Le Baromètre Scientifique Suisse (Wissenschaftsbarometer Schweiz) est une enquête nationale représentative de la population résidente suisse, réalisée régulièrement tous les trois ans et menée pour la première fois en 2016. Depuis 2025, plus de 1 500 personnes âgées de 16 ans et plus sont recrutées dans les régions linguistiques allemande, française et italienne de la Suisse à l’aide du cadre d’échantillonnage pour les enquêtes auprès des personnes et des ménages (SRPH) de l’Office fédéral de la statistique (OFS), puis interrogées au moyen de questionnaires en ligne et sur papier. Lors des trois premières vagues d’enquête (2016, 2019 et 2022), environ 1 000 personnes âgées de 15 ans et plus ont été interrogées dans le cadre d’entretiens téléphoniques d’une durée d’environ 20 minutes. Ce changement de méthode de collecte des données doit être pris en compte lors des comparaisons temporelles.

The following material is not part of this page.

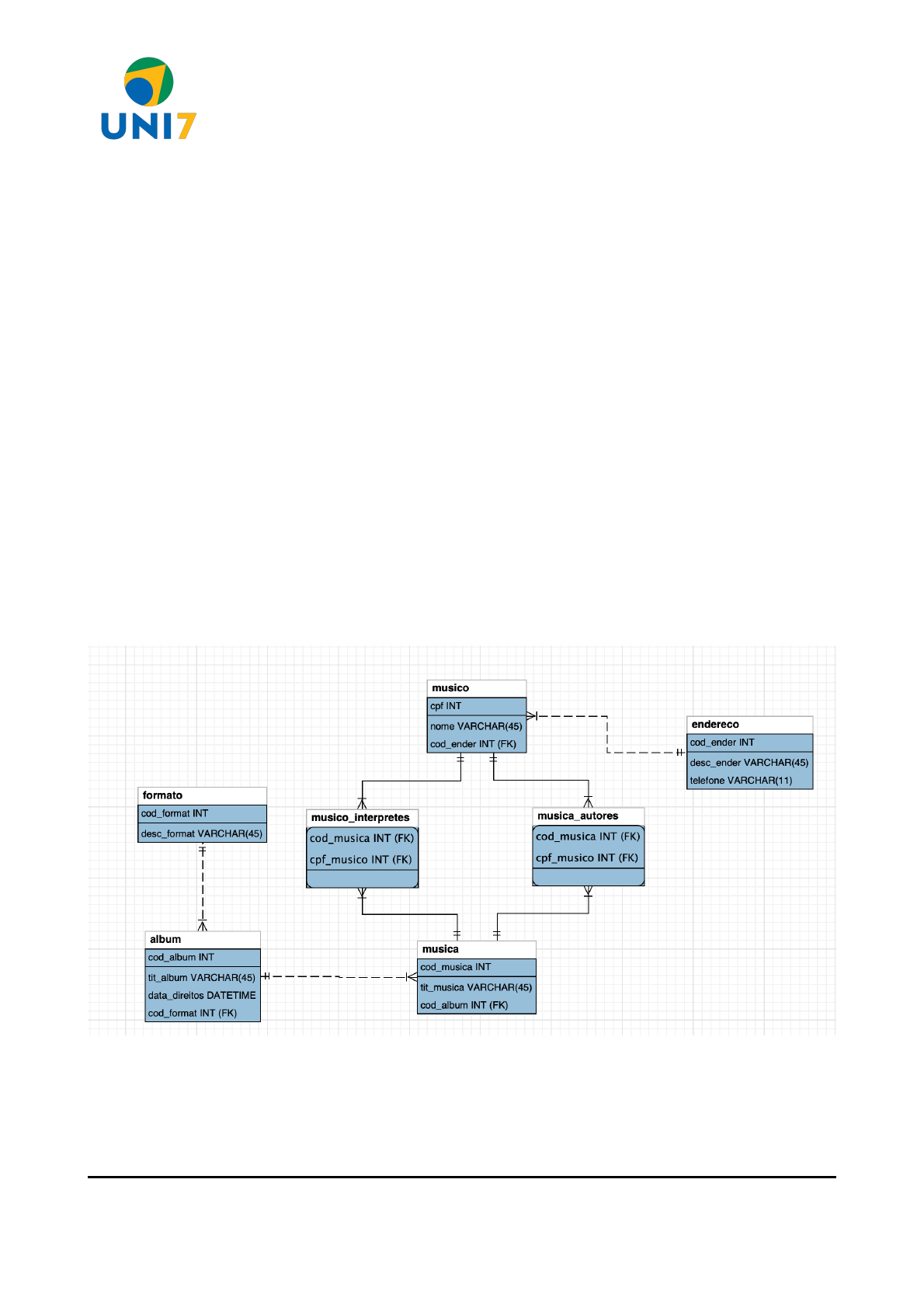 CENTRO UNIVERSITÁRIO 7 DE SETEMBRO Curso: Análise e Desenvolvimento de Sistemas Disciplina: Banco de Dados I Professor: Fernando Siqueira 5º. Exercício – Modelo Relacional 1. A Siqueira Music Records (SMR) decidiu armazenar informações sobre músicos que tocam em seus álbuns (assim como outros dados da empresa) em um banco de dados. A empresa escolheu sabiamente contratar você como projetista de banco de dados. Elabore o diagrama relacional considerando os requisitos de dados descritos a seguir. a. Cada músico que grava na SMR tem um CPF, um nome, um endereço, e um número de telefone. b. Músicos que não ganham muito normalmente compartilham o mesmo endereço, e nenhum endereço tem mais do que um telefone de contato. c. Cada álbum com o selo SMR tem um título, uma data de direitos autorais, um formato (por exemplo, CD, DVD, BlueRay, etc), e um identificador de álbum. d. Cada música gravada na SMR tem um título e pode ter mais de um autor. Assim como um autor pode ter várias músicas gravadas. e. Cada álbum tem um número de músicas gravadas, mas nenhuma música pode aparecer em mais de um álbum. f. Cada música é interpretada por um ou mais músicos, e um músico pode interpretar mais de uma música. MISSÃO INSTITUCIONAL “Contribuir para o desenvolvimento da sociedade, educando para a cidadania, propiciando a formação de profissionais competentes, felizes e éticos.”

L’échantillon global est pondéré selon le sexe, l’âge, la région linguistique, le canton, le type d’habitat et le niveau de formation. Cette pondération garantit que l’échantillon reflète la structure de la population de référence pour ces caractéristiques. Les résultats de l’enquête sont ainsi représentatifs et peuvent être généralisés à l’ensemble de la population dans les limites des marges d’erreur statistiques. L’enquête mesure les connaissances scientifiques des habitantes et habitants de la Suisse ainsi que leurs attitudes à l’égard des questions scientifiques. Elle recueille également des informations sur l’utilisation de différentes sources d’information par les répondantes et répondants : dans quelle mesure ils consomment des contenus scientifiques dans les journaux, à la radio et à la télévision ; à quelle fréquence ils rencontrent ces sujets sur Internet et les réseaux sociaux ; dans quelle mesure ils fréquentent des sources d’information non médiatiques telles que les musées ou les zoos ; et s’ils discutent de ces sujets avec leur famille et leurs amis. Cette base permet d’étudier les liens entre les comportements informationnels de la population suisse et ses attitudes envers la science et la recherche. Grâce à des analyses longitudinales et à des comparaisons avec des données d’enquête provenant d’autres pays, il est également possible de tirer des conclusions sur l’évolution de la communication scientifique et de ses publics.
Le projet fournit ainsi des données transversales et longitudinales actuelles et pertinentes, tout en identifiant les opportunités et les défis de la communication scientifique.